Se l’interdipendenza, lo scambio e la necessità reciproca sono un presupposto imprescindibile per la pace allo stesso tempo l’autonomia e l’indipendenza energetica lo sono per la libertà e l’autodeterminazione dei popoli.
L’Unione Europea è dipendente da gas, petrolio, carbone provenienti da paesi in cui non esistono diritti umani, contrasto ai cambiamenti climatici, tutela ambientale e diritti del lavoro. Un’eventuale interruzione delle forniture metterebbe in ginocchio l’intero continente, eventualità che ci pone in un rapporto di subalternità e che costituisce il primo ostacolo alla concreta integrazione politica.
Le energie rinnovabili sono l’unica strada possibile e immediatamente attuabile per far uscire l’Europa dal ricatto energetico. Con effetti non solo sul piano ambientale, sociale e politico ma soprattutto in grado di consegnare all’Europa un nuovo ruolo, tra USA e Cina, come guida globale verso un mondo più equo e sostenibile.
Se in via teorica sarebbe sufficiente la produzione di energia solare da fotovoltaico per garantire l’autosufficienza dell’intero continente per quanto concerne l’energia elettrica, occupando una piccolissima porzione dell’Europa meridionale, la vera sfida è riuscire a gestire la discontinuità delle fonti attraverso un eterogeneo mix energetico e l’accumulo del surplus giornaliero e stagionale dell’energia. Se sul primo fronte lo spazio di crescita è ancora estremamente ampio è proprio sullo stoccaggio che si sta concentrando la ricerca. Se l’idrogeno è un vettore energetico in grado di dare risposte importanti a specifici bisogni è evidente per limiti strutturali e proprietà chimico-fisiche che non può essere l’unica, così a sistemi antichi come i bacini di accumulo idrico si aggiungono ricerche innovative come quelle svolte dall’Università di Perugia sui metalli reattivi.

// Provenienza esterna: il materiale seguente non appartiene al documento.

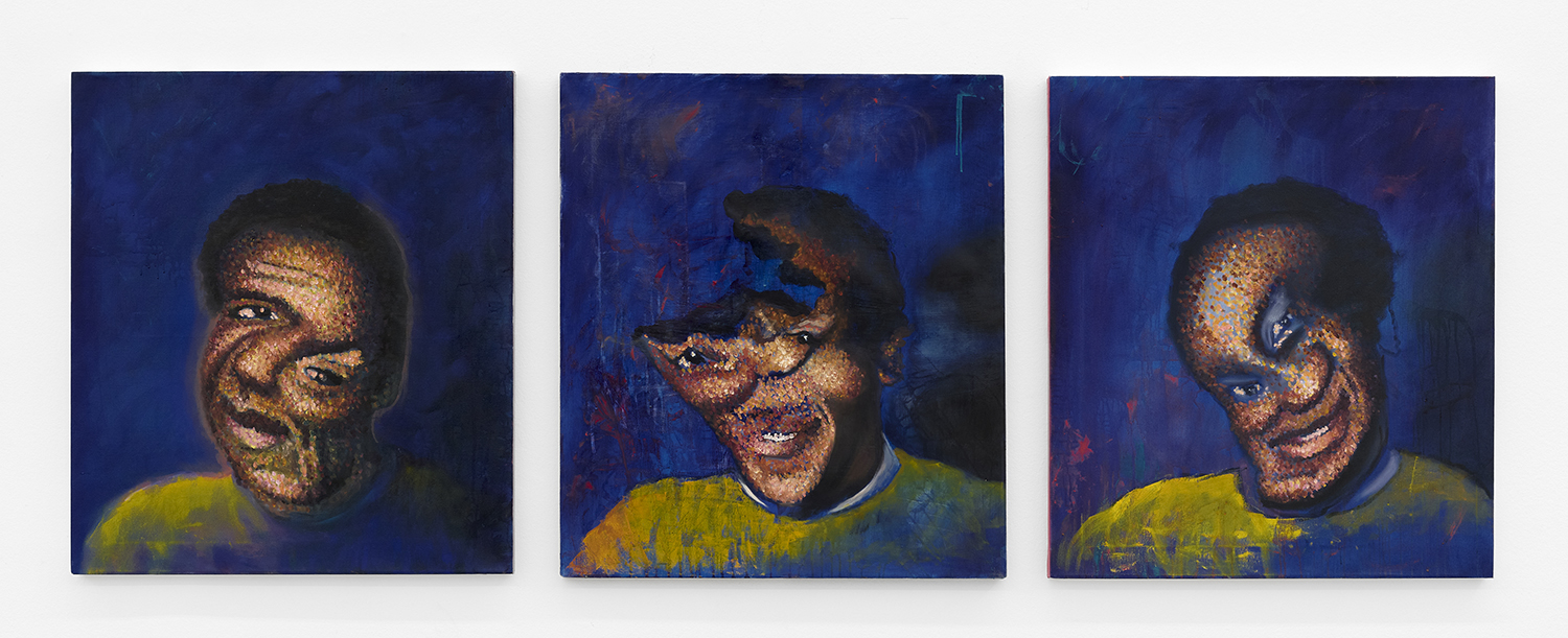 Kamoy Smalling, Portrait of a Man (Triptych), 2024, oil on canvas, 34 x 30 inches each (34 x 90 inches total), 86 x 76 cm. (86 x 228 cm. total)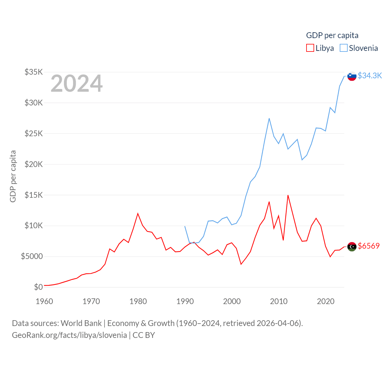 By GDP, Libya ranks 95/197 ($48.5B) and Slovenia ranks 86/197 ($73B). By GDP per capita, Libya ranks 107/197 ($6,569), while Slovenia ranks 34/197 ($34,301).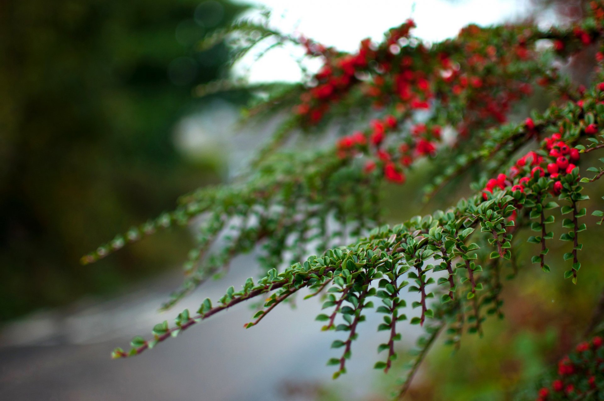 Gros plan d'une branche avec des feuilles et des baiesGros plan d'une branche avec des feuilles et des baies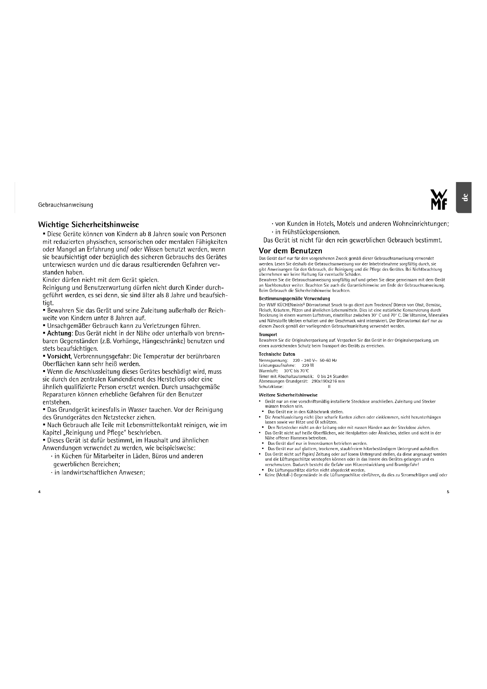 - Dieses Gerät ist dafür bestimmt, im Haushalt und ähnlichen Anwendungen verwendet zu werden, wie beispielsweise: ⋅ in Küchen für Mitarbeiter in Läden, Büros und anderen gewerblichen Bereichen; ⋅ in landwirtschaftlichen Anwesen; ⋅ von Kunden in Hotels, Motels und anderen Wohneinrichtungen; ⋅ in Frühstückspensionen. Das Gerät ist nicht für den rein gewerblichen Gebrauch bestimmt. Vor dem Benutzen Das Gerät darf nur für den vorgesehenen Zweck gemäß dieser Gebrauchsanweisung verwendet werden. Lesen Sie deshalb die Gebrauchsanweisung vor der Inbetriebnahme sorgfältig durch, sie gibt Anweisungen für den Gebrauch, die Reinigung und die Pflege des Gerätes. Bei Nichtbeachtung übernehmen wir keine Haftung für eventuelle Schäden. Bewahren Sie die Gebrauchsanweisung sorgfältig auf und geben Sie diese gemeinsam mit dem Gerät an Nachbenutzer weiter. Beachten Sie auch die Garantiehinweise am Ende der Gebrauchsanweisung. Beim Gebrauch die Sicherheitshinweise beachten. Bestimmungsgemäße Verwendung Der WMF KÜCHENminis® Dörrautomat Snack to go dient zum Trocknen/ Dörren von Obst, Gemüse, Fleisch, Kräutern, Pilzen und ähnlichen Lebensmitteln. Dies ist eine natürliche Konservierung durch Trocknung in einem warmen Luftstrom, einstellbar zwischen 30° C und 70° C. Die Vitamine, Mineralien und Nährstoffe bleiben erhalten und der Geschmack wird intensiviert. Der Dörrautomat darf nur zu diesem Zweck gemäß der vorliegenden Gebrauchsanleitung verwendet werden. Transport Bewahren Sie die Originalverpackung auf. Verpacken Sie das Gerät in der Originalverpackung, um einen ausreichenden Schutz beim Transport des Geräts zu erreichen. Technische Daten Nennspannung: 220 - 240 V~ 50-60 Hz Leistungsaufnahme: 220 W Warmluft: 30°C bis 70°C Timer mit Abschaltautomatik: 0 bis 24 Stunden Abmessungen Grundgerät: 290x190x216 mm Schutzklasse: II Weitere Sicherheitshinweise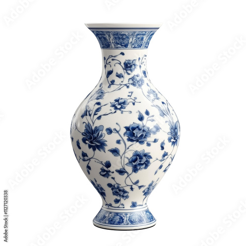 a blue and white porcelain vase 3d render icon isolated on transparent background cutout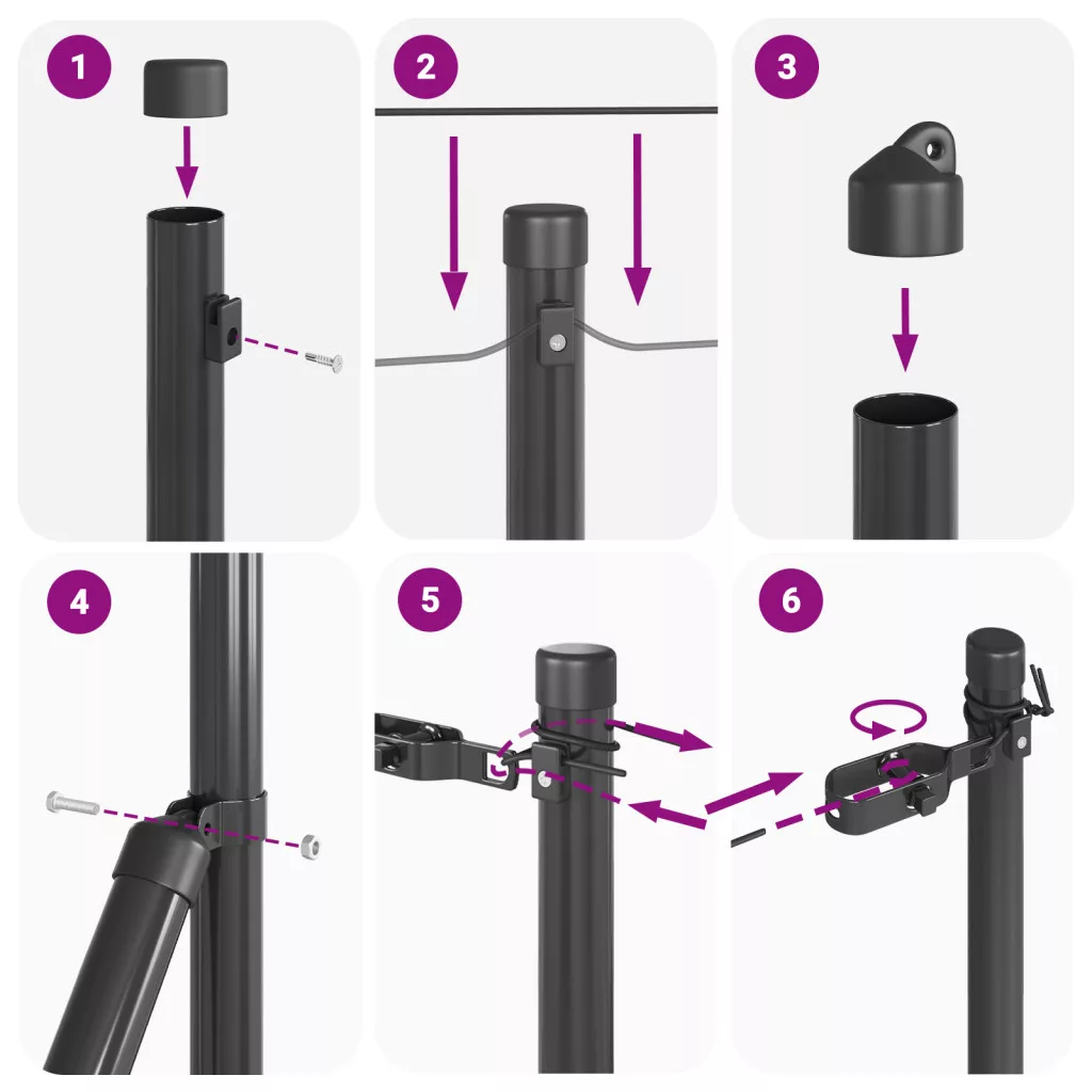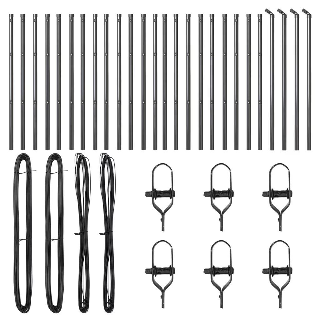 A csomag tartalma: 2 kerítésoszlop, konzolok, feszítőhevederek, drót

È la natura stessa delle rinnovabili a incentivare un nuovo paradigma di produzione distribuita in maniera diffusa sul territorio, con reti intelligenti in grado di gestire l’energia sviluppando una risposta laddove c’è realmente bisogno. Le comunità energetiche sono l’emblema di questo nuovo paradigma che pone al centro la dimensione territoriale adattandosi alle sue peculiarità ed esigenze.
Una rivoluzione che nasce in Europa dell’iniziativa dell’europarlamentare Dario Tamburrano e che è stata poi calata nella normativa nazionale grazie al Sen. Pietro Girotto del M5S.
Per questo la politica regionale deve eliminare ogni ostacolo inutile che impedisce l’installazione di impianti di energia rinnovabile, intervenire nel potenziamento e nell’ammodernamento delle infrastutture pubbliche come le reti elettriche e liberalizzandone l’accesso e incentivare l’aggregazione in una logica di comunità in cui dalle industrie energivore, agli ospedali fino ad arrivare alla casa unifamiliare si riesca a garantire continuità dell’approvvigionamento energetico.
Se chi controlla le risorse e i mezzi per produrre energia ha in mano il potere di determinare le scelte globali allora le comunità energetiche sono sinonimo di democrazia energetica.
Produrre energia e condividerla riducendo al minimo le inefficienze del sistema e distribuendo il potere in mano a cittadini e imprese, liberando l’economia e le potenzialità di sviluppo di un territorio.